To determine whether specific clinicopathological criteria might predict iICP profiles, available clinicopathological parameters of the entire cohort were stratified for positivity for PD-L1, TIGIT, CD155 and CD8⁺ TIL density at indicated cut-offs (Table II). While PD-L1 TPS positivity was significantly more likely with increasing age, sex had no impact on positivity for PD-L1, TIGIT, CD155 or density of CD8⁺ TIL infiltration.

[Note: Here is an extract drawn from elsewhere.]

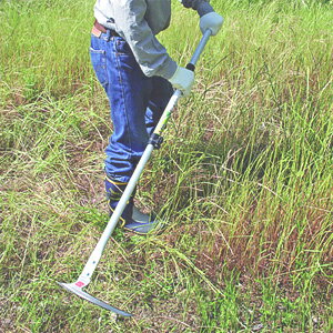 鎌よりも道具自体に重みがあるため、多少の力は必要になりますが、立った姿勢での作業を行えるため少ない動作ですみます。
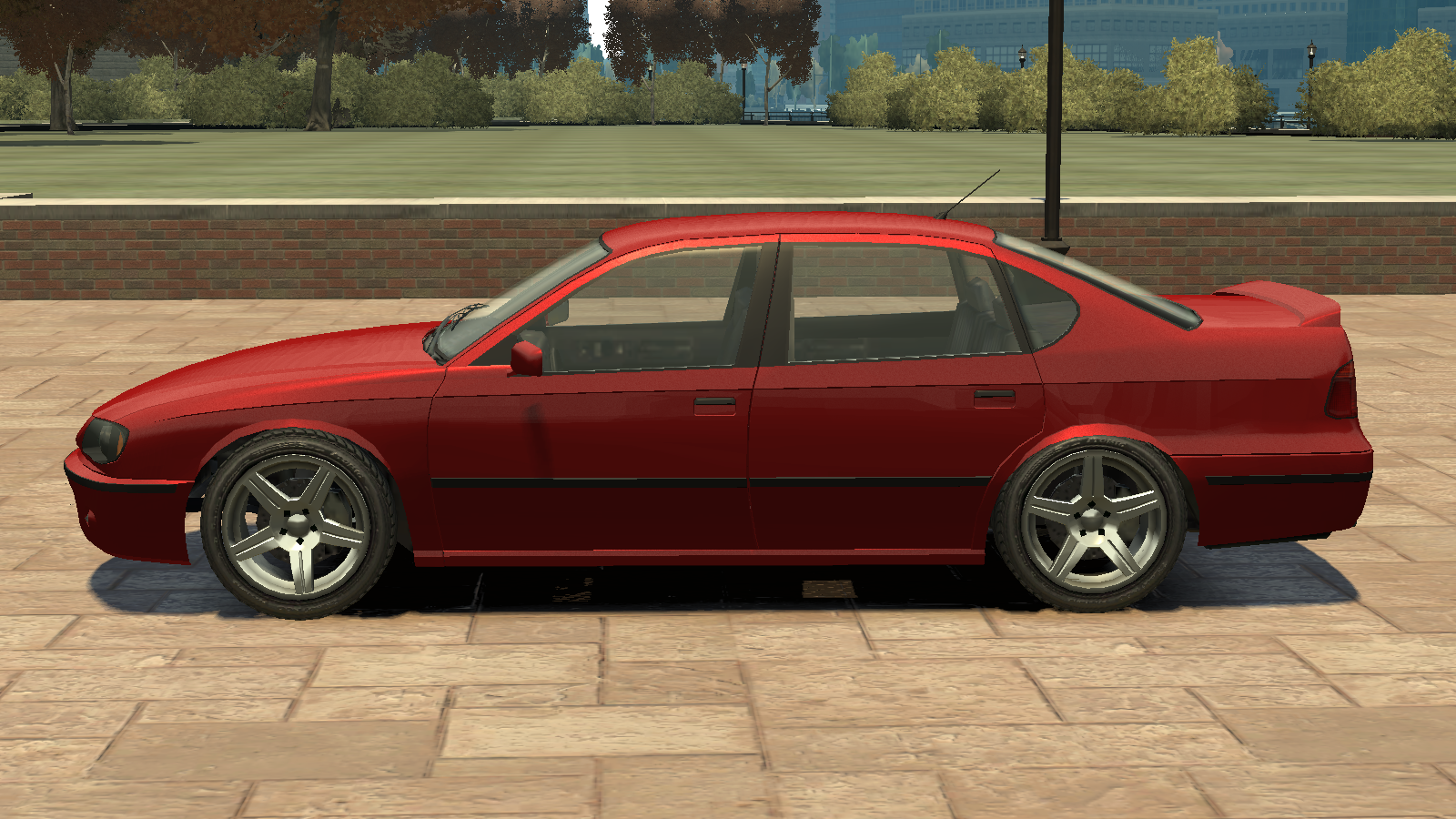 The sides of the car are relatively basic, featuring flared arches and rectangular skirting areas. Black/plastic strips can be seen running through the doors, which have the same height as the one on the front bumper, while thin accent lines are seen starting near the headlights and running towards the tail lights, passing between the black door handles and the waist lines. The greenhouse area makes use of black trim around the windows and inner separations, together with painted mirror shells on the front doors and rounded rear-quarter windows. A single aerial can be seen on the rear portion of the roof. The trunk lid mounts a small spoiler by default.

Tumour thickness ≥ 6 mm, an established risk factor for both tumour recurrence and metastasis (4, 5), showed no significant overall association with iICP expression or CD8⁺ TIL density. Yet, the majority of primary tumours thicker than ≥ 6 mm displayed TIGIT positivity (19/20, 95.0%) and tumours with TIGIT expression below cut-off were mostly thinner (7/8, 87.5%). Tumour type (p < 0.01) and differentiation (p < 0.01) were significantly associated with PD-L1 TPS positivity, with a higher proportion of PD-L1 TPS positive primary cSCC (24/36, 66.7%) compared with KA (1/9, 11.1%) or metastases (1/5, 20.0%). The majority of G3-cSCC displayed PD-L1 TPS positivity (13/16, 81.3%), in sharp contrast to highly differentiated KA (1/9, 11.1%). Furthermore, all KA (9/9, 100%) and the vast majority of G3-cSCC (14/16, 87.5%) displayed a positive TIGIT expression status. In addition, tumour differentiation was significantly associated with CD8⁺ TIL density (p < 0.05) with the majority of KA displaying high CD8⁺ density (6/9, 66.7%) and typically low CD8⁺ TIL infiltration in G1-cSCC (8/8, 100%) and G3-cSCC (10/16, 62.5%). While CD155 positivity was particularly common in G3-cSCC (13/16, 81.3%), no significant overall association with clinicopathological parameters was noted.

Table II. Clinicopathological parameters by programmed death-ligand 1 (PD-L1), T-cell immunoreceptor with immunoglobulin and immunoreceptor tyrosine-based inhibition motif domain (TIGIT), CD155 expression status and CD8⁺ immune cell density at indicated cut-offs and associated standard deviations (SD)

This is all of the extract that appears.